Did new technology, improved nutrition or some genetic mutation allow modern humans to explore the world? Possibly, but other scholars point to more mundane factors that may have contributed to the exodus from Africa. A recent DNA study suggests that massive droughts before the great migration split Africa's modern human population into small, isolated groups and may have even threatened their extinction. Only after the weather improved were the survivors able to reunite, multiply and, in the end, emigrate. Improvements in technology may have helped some of them set out for new territory. Or cold snaps may have lowered sea level and opened new land bridges.

Whatever the reason, the ancient Africans reached a watershed. They were ready to leave, and they did.

DNA evidence suggests the original exodus involved anywhere from 1,000 to 50,000 people. Scientists do not agree on the time of the departure—sometime more recently than 80,000 years ago—or the departure point, but most now appear to be leaning away from the Sinai, once the favored location, and toward a land bridge crossing what today is the Bab el Mandeb Strait separating Djibouti from the Arabian Peninsula at the southern end of the Red Sea. From there, the thinking goes, migrants could have followed a southern route eastward along the coast of the Indian Ocean. "It could have been almost accidental," Henshilwood says, a path of least resistance that did not require adaptations to different climates, topographies or diet. The migrants' path never veered far from the sea, departed from warm weather or failed to provide familiar food, such as shellfish and tropical fruit.
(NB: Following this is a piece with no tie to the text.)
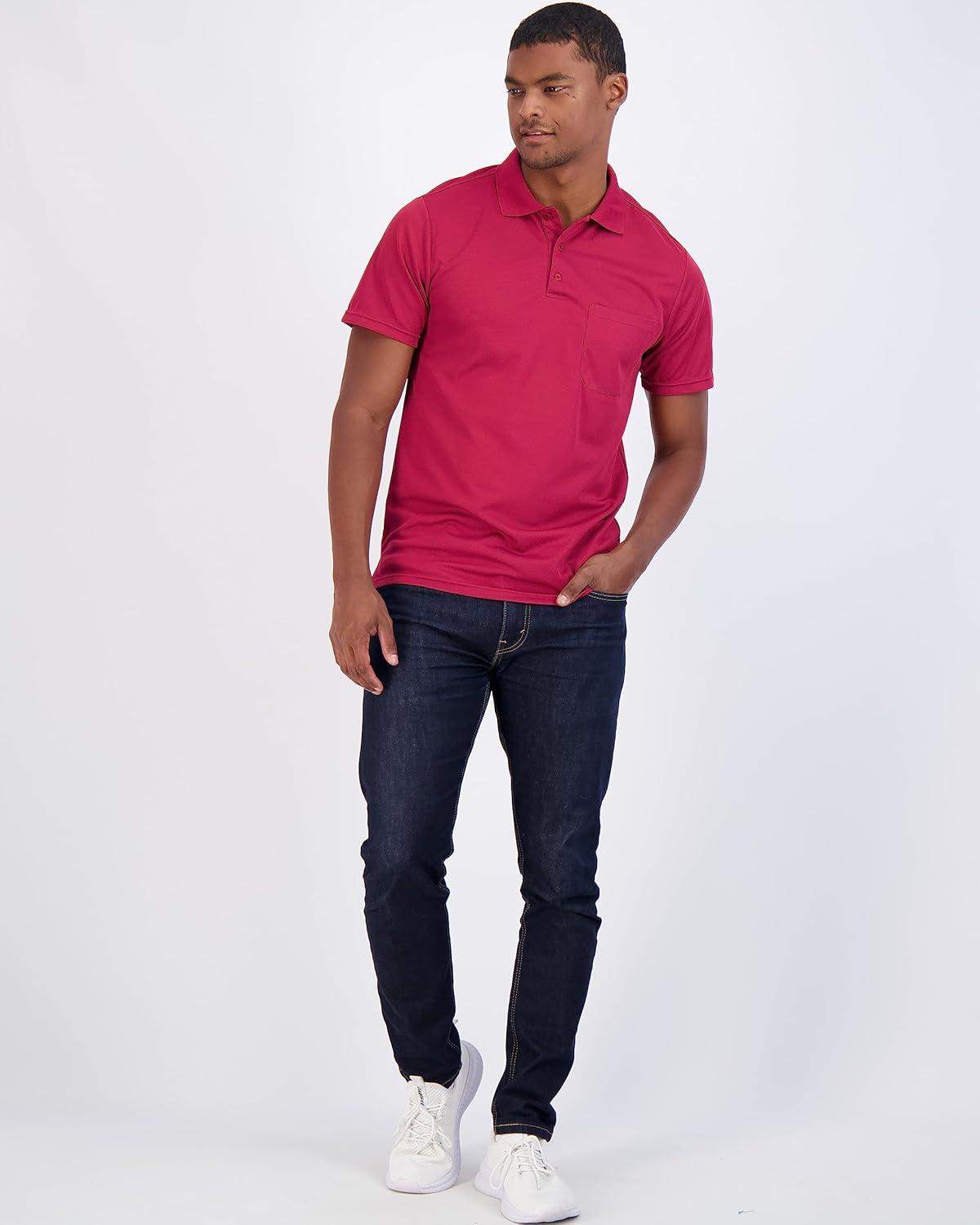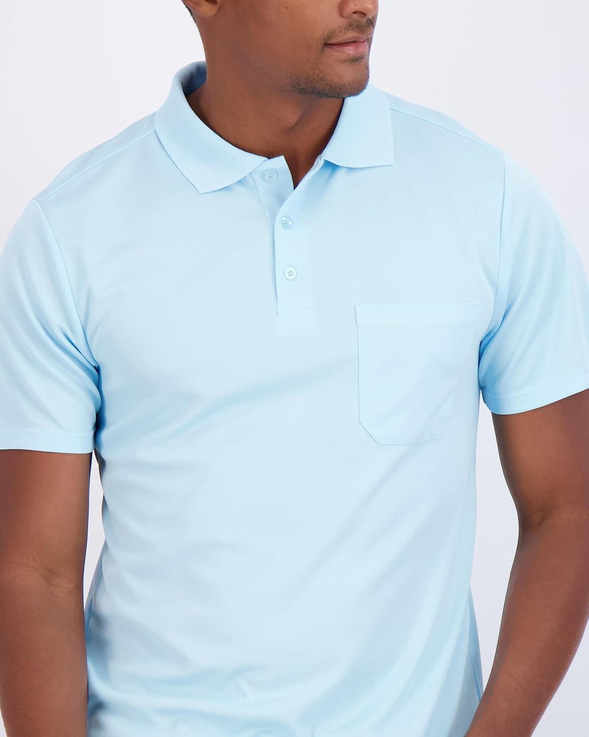 Real Essentials 3 Pack: Mens Short Sleeve Dry-Fit Collared Polo Shirt with Pocket – Active Casual (Available Big & Tall)(Set 9)

Tools found at Jwalapuram, a 74,000-year-old site in southern India, match those used in Africa from the same period. Anthropologist Michael Petraglia of the University of Cambridge, who led the dig, says that although no human fossils have been found to confirm the presence of modern humans at Jwalapuram, the tools suggest it is the earliest known settlement of modern humans outside of Africa except for the dead enders at Israel's Qafzeh and Skhul sites.
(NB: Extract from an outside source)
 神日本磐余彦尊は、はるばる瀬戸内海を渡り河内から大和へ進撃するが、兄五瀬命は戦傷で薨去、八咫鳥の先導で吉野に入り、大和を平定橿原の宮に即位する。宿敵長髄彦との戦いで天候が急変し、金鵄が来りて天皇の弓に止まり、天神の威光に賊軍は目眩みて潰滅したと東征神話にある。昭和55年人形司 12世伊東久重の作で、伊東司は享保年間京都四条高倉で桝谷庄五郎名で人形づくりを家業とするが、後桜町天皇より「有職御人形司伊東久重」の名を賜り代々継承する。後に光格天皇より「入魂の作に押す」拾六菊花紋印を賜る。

And that's about all the physical evidence there is for tracking the migrants' early progress across Asia. To the south, the fossil and archaeological record is clearer and shows that modern humans reached Australia and Papua New Guinea—then part of the same landmass—at least 45,000 years ago, and maybe much earlier.

But curiously, the early down under colonists apparently did not make sophisticated tools, relying instead on simple Neanderthal-style flaked stones and scrapers. They had few ornaments and little long-distance trade, and left scant evidence that they hunted large marsupial mammals in their new homeland. Of course, they may have used sophisticated wood or bamboo tools that have decayed. But University of Utah anthropologist James F. O'Connell offers another explanation: the early settlers did not bother with sophisticated technologies because they did not need them. That these people were "modern" and innovative is clear: getting to New Guinea-Australia from the mainland required at least one sea voyage of more than 45 miles, an astounding achievement. But once in place, the colonists faced few pressures to innovate or adapt new technologies. In particular, O'Connell notes, there were few people, no shortage of food and no need to compete with an indigenous population like Europe's Neanderthals.
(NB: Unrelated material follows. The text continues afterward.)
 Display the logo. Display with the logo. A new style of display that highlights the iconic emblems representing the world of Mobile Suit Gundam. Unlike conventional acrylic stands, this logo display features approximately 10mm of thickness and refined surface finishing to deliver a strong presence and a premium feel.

Modern humans eventually made their first forays into Europe only about 40,000 years ago, presumably delayed by relatively cold and inhospitable weather and a less than welcoming Neanderthal population. The conquest of the continent—if that is what it was—is thought to have lasted about 15,000 years, as the last pockets of Neanderthals dwindled to extinction. The European penetration is widely regarded as the decisive event of the great migration, eliminating as it did our last rivals and enabling the moderns to survive there uncontested.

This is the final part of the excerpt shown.